L’armée russe qui, avant la guerre, était une armée de défense pas du tout configurée pour un tel conflit, a connu une montée en puissance dès qu’il fut évident que toute négociation était exclue. Elle compte maintenant plus d’un million d’hommes. Une armée aujourd’hui plus puissante, plus redoutable, plus létale qu’elle ne le fut jamais.
Donc, je dirais qu’en premier chef nous nous sommes aliéné la Russie. Nous l’avons rendue hostile alors qu’il n’y avait aucune raison qu’elle le fut. Ce faisant, nous nous sommes tiré une balle dans le pied.
Ce n'est pas une question négligeable en termes commerciaux et économiques parce que la Russie reste un passage obligé sur les routes de la soie entre la Chine et l'Europe, qui doivent traverser l'Asie centrale.
Les routes de la soie que les Chinois essaient de mettre en place, contrairement à ce qui se dit à Washington, ne sont pas une menace. C'est un projet très intelligent. Mais nous l'avons considéré comme néfaste au lieu de capitaliser sur ce qui, je pense, pourrait être bon pour le monde entier.
Nous nous sommes donc tiré une balle dans le pied avec la Russie. Et nous avons convaincu les Chinois qu'ils ne peuvent plus croire un traitre mot de ce que nous disons.
La Chine investira beaucoup plus dans ses systèmes d'armes défensifs et dissuasifs, en particulier les missiles. Missiles tactiques, à longue portée et bien évidemment missiles balistiques intercontinentaux.
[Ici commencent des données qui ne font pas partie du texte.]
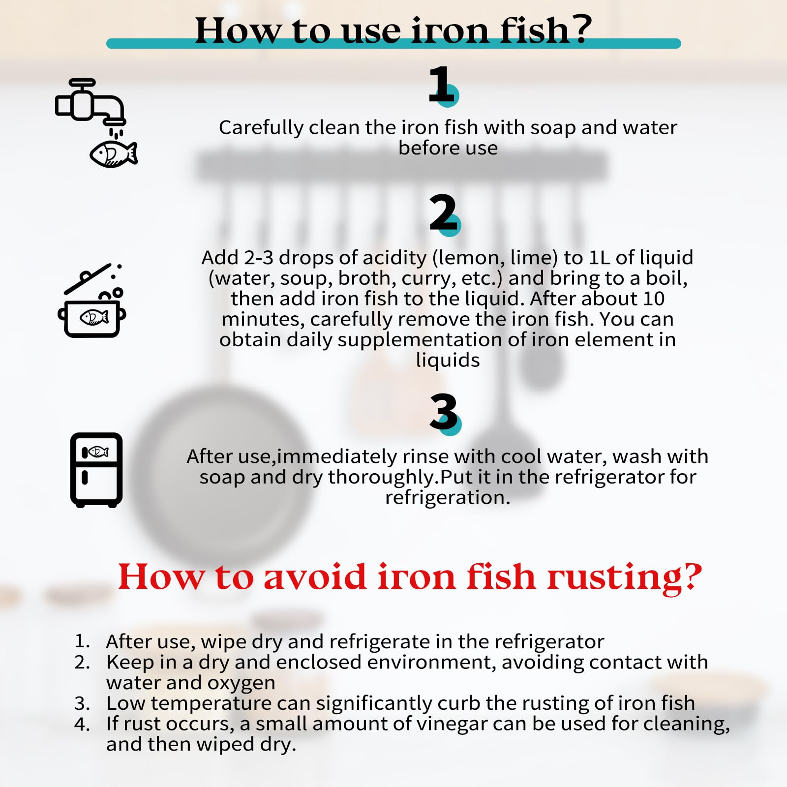 Attention to use: After using the iron fish, wash it by hand with water and soap, dry it and refrigerate it. It is not recommended to use a dishwasher for cleaning. If it rusts, simply dissolve it in vinegar and continue to use

La plupart de ses dépenses militaires se font dans des capacités matérielles, et elles vont croitre rapidement.
En ce qui concerne l'Europe, je pense que les Allemands ont compris – s'ils ne l'ont pas compris, ils le comprendront très bientôt – qu'ils sont les victimes des Etats-Unis et de leurs alliés, et qu'ils ont été les victimes de leur propre gouvernement.
Une camarilla d’imbéciles globalistes n'a pas seulement détruit la prospérité de l'Allemagne, mais lui a imposé une servitude permanente dans le cadre de l’Otan et de l’UE. A mon avis, les Allemands finiront par se sortir de ce piège, par s'éloigner de l’Otan et éventuellement de l'Union européenne.
Tout le monde se demande quand cela va survenir. Je ne peux pas vous dire précisément quand, mais je pense que cette dynamique est engagée. L’Autriche a déjà embrassé ce point vue.